_Your task_
The material below holds pictures; leave them out, and copy exactly, and only, the lines from the one with "Praktikus visszahúzható radír" through the last.

_Data segment_
[Start of section]
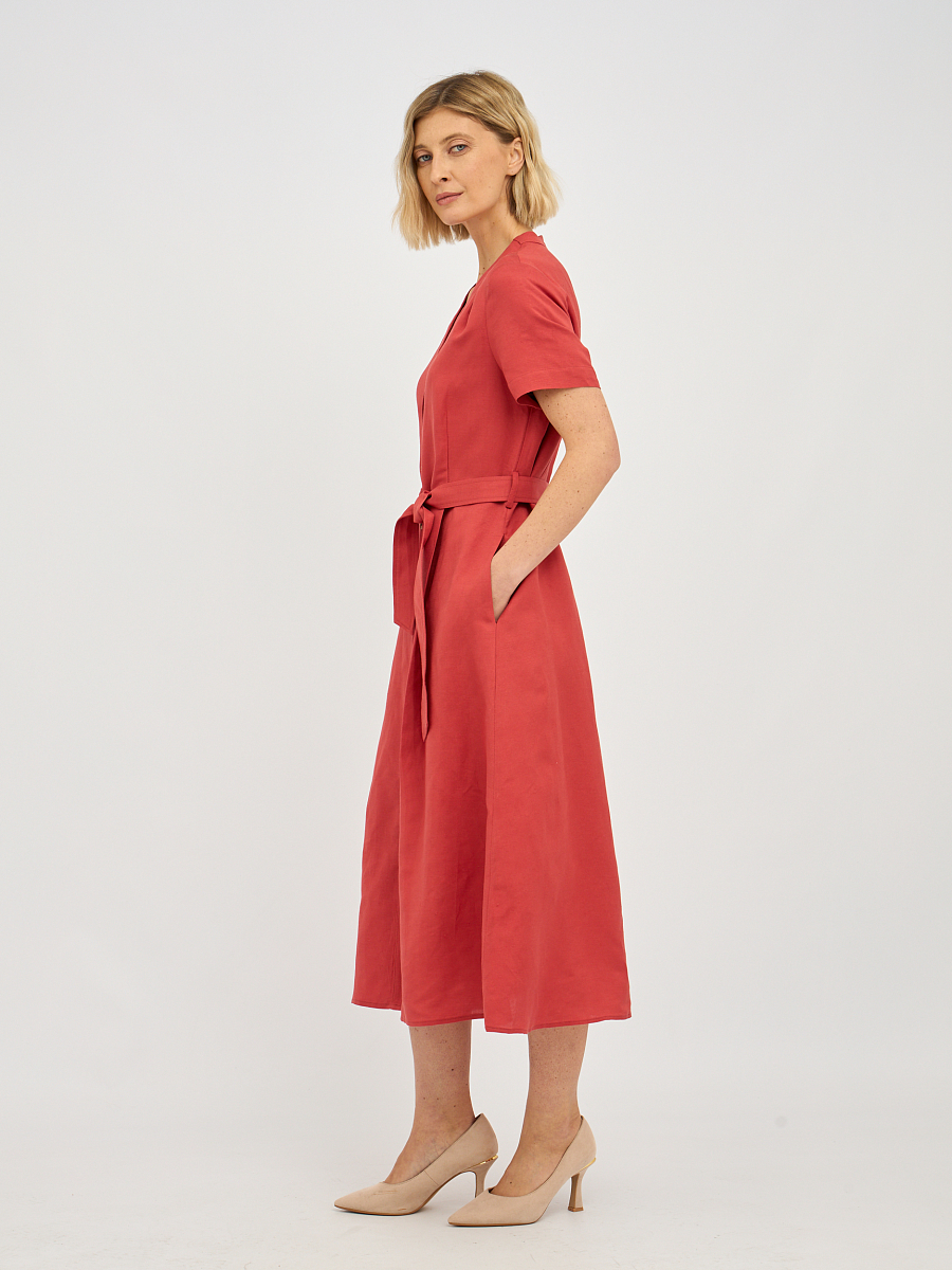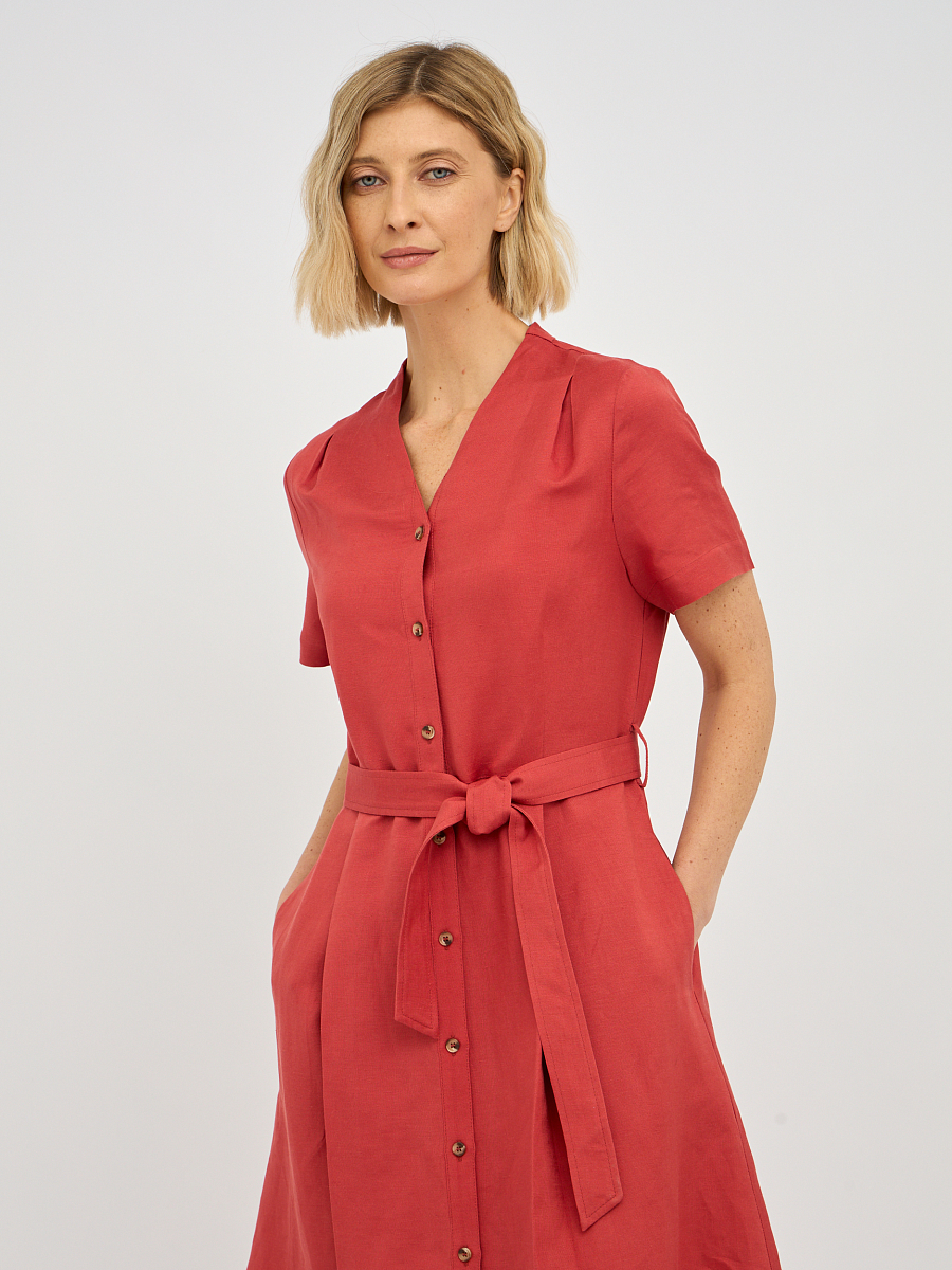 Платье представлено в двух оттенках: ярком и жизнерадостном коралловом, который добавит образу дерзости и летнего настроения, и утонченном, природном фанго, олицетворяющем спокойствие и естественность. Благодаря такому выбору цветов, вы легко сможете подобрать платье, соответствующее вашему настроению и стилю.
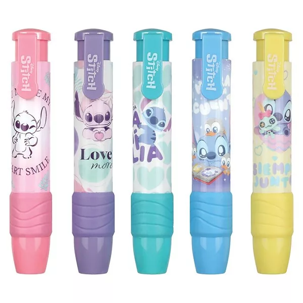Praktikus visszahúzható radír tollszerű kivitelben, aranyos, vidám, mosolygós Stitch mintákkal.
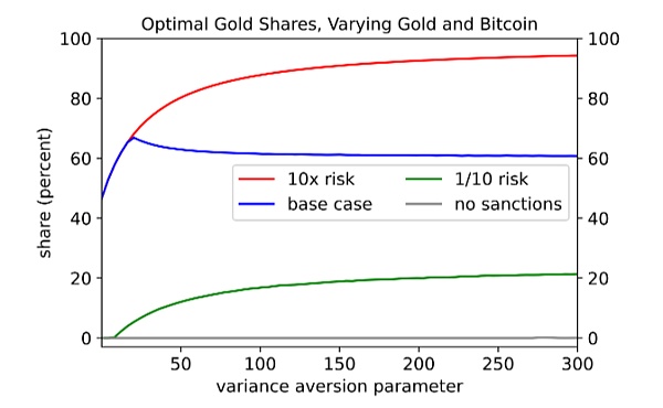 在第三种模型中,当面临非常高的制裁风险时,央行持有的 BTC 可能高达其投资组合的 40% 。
[End of section]
_Answer to the problem_
Praktikus visszahúzható radír tollszerű kivitelben, aranyos, vidám, mosolygós Stitch mintákkal.
 在第三种模型中,当面临非常高的制裁风险时,央行持有的 BTC 可能高达其投资组合的 40% 。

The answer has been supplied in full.